= Ken-ichi Kawarabayashi =

Japanese mathematician

Ken-ichi Kawarabayashi (河原林 健一, born 1975) is a Japanese graph theorist who works as a professor at the National Institute of Informatics and is known for his research on graph theory (particularly the theory of graph minors) and graph algorithms.

Kawarabayashi was born on May 22, 1975, in Tokyo.
He earned a bachelor's degree in mathematics from Keio University in 1998, a master's degree from Keio in 2000, and a PhD from Keio in 2001, researching the Lovász–Woodall conjecture under the supervision of Katsuhiro Ota. After temporary positions at Vanderbilt University and under the supervision of Paul Seymour at Princeton University, he became an assistant professor at Tohoku University in 2003, and moved to the National Institute of Informatics in 2006.

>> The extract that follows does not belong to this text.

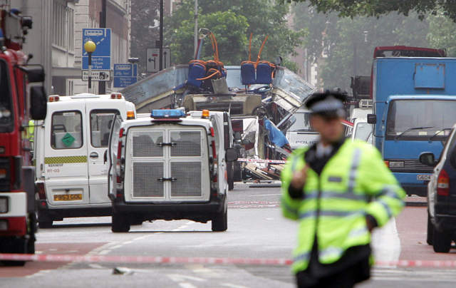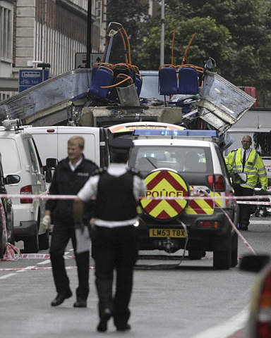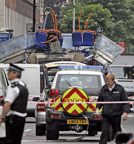 中新網(wǎng)7月7日電 英國警方稱,至少有兩人在今天倫敦公共汽車和地鐵發(fā)生的六起爆炸案中喪生。圖為在地鐵發(fā)生爆炸后在倫敦阿爾德加特東站門前工作的警察和消防隊員。(春風)
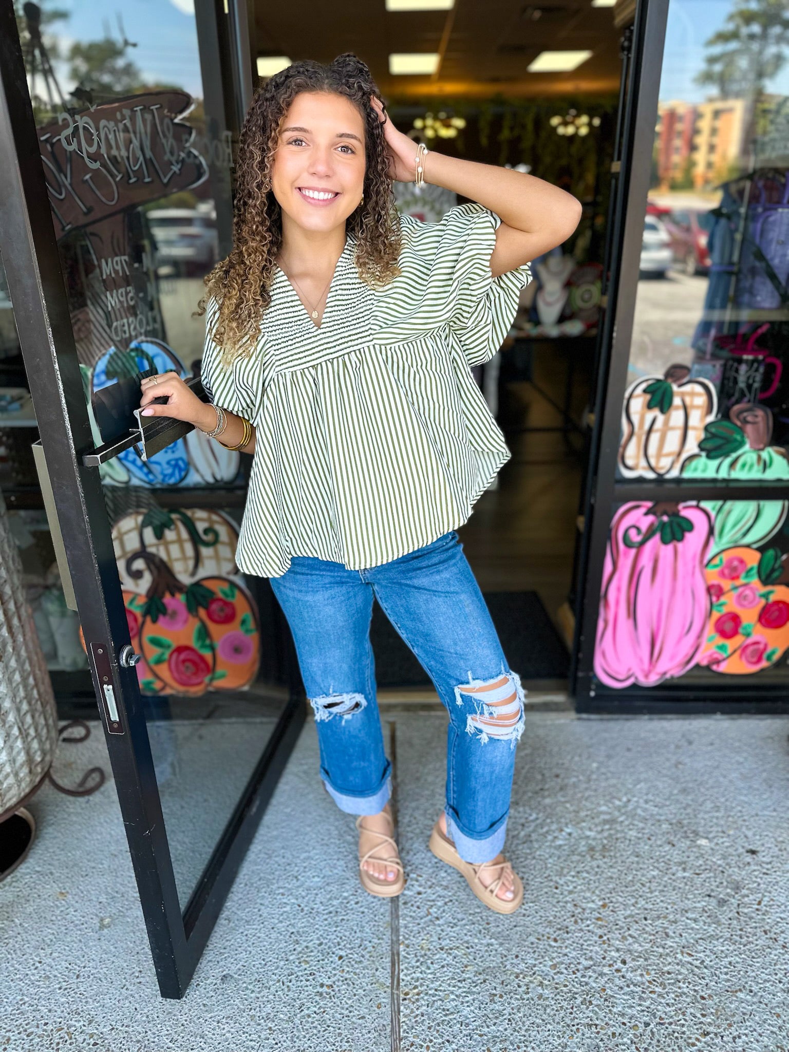 Striped short dolman sleeve top featuring smocked bodice and V-neck. Unlined. Woven. Non-sheer. Lightweight.

In 2003, Kawarabayashi was one of three winners of the Kirkman Medal of the Institute of Combinatorics and its Applications, an award given by them annually to researchers within four years of their PhD. In 2015, he won the Spring Prize of the Mathematical Society of Japan, its highest honor. He was a keynote speaker at the 2015 International Colloquium on Automata, Languages and Programming. He was named as an ACM Fellow, in the 2025 class of fellows, "for his contributions to graph theory, graph algorithms, and their applications".